Some of these initiatives resulted in some exceptionally attractive multi-media products which could only be realized on a screen — The Waste Land app, developed by Touch Press, is a very good example of this kind of creativity. By exploiting the new medium of the app and the technical affordances of the iPad to the full, Touch Press and other organizations were able to breathe new life into texts that had previously existed only on the printed page and were able to create entirely new works that stretched the boundaries of what we have come to think of as “the book.”

But I also show that the act of creation was only part of the story: it is one thing to create new kinds of “books,” it is quite another to do this in a way that is sustainable over time, and if you can’t do this in a sustainable way, then the form will die. This is exactly what happened to most of the new ventures that set out to use digital technologies to re-invent the book: the excitement of creating something new soon gave way to the harsh realities of the marketplace, and many of the organizations that had been set up to pioneer new forms of the book ran out of cash and were closed down. It turned out to be a false dawn.

To the surprise of many people, the digital revolution has not swept away or dissolved the traditional form of the book, understood as a way of organizing textual content in accordance with certain norms and conventions, even if it has separated this form from a particular medium: it is no longer necessary to embed this form in a print-on-paper book, as the same content can now be delivered to the reader as a digital file or eBook. In my terminology, the eBook is not a new form of the book but rather another format — that is, another way of packaging the book and making it available to readers. The content of the eBook and the printed book is essentially the same, even if the format and the medium of delivery are different. The eBook revolution, such as it was, was much less radical than many people thought it would be.

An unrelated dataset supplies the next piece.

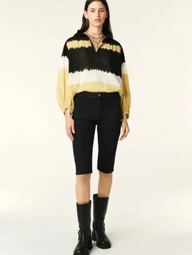 ويمكن تنسيق شورت جينز مع جاكت جينز للحصول على إطلالة الدنيم الكاملة الرائجة بقوة هذا الموسم.
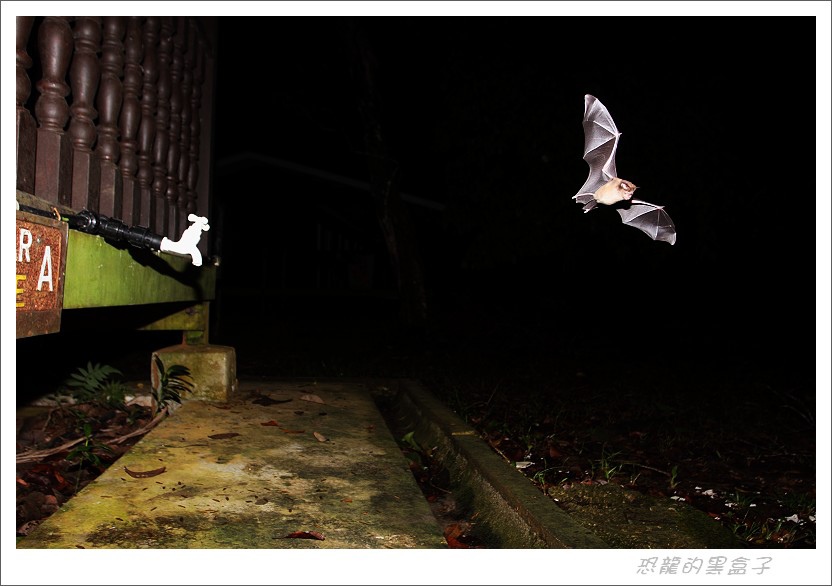牠們不斷地來回穿梭,低空獵食,完全無視於我們的存在。難得有如此近身飛行的蝙蝠,當然得嘗試捕捉他們的身影,將焦距固定在廣角端,焦點約在前方1米處,開始盲拍起來,忙了半天總算抓到幾張還看的過去的照片。

Looking forward, I suspect that what we’re likely to see in the book publishing sphere is what I would call co-existent cultures of print and digital: the form of the book will not change greatly, but books will be part of a hybrid culture where print and digital co-exist side by side, a culture in which the traditional printed book continues to play an important role in the lives of many people but where eBooks are also a common form of content delivery, especially for certain categories of books like romance and other categories of genre fiction; a culture, moreover, where new worlds are constantly proliferating online, creating spaces where people can create and consume textual and other forms of content digitally, in some cases freely and in other cases at a cost, sometimes in conjunction with the printed word but in many cases without any connection to print, whether to the printed book or to other forms of print culture.

These worlds will continue to exist side by side and to crisscross and overlap in multiple ways, without the proliferation of online spaces leading to the demise of the book as we’ve known it or of the industry that has, for some five hundred years, cultivated the skills, expertise and talent needed to publish books well.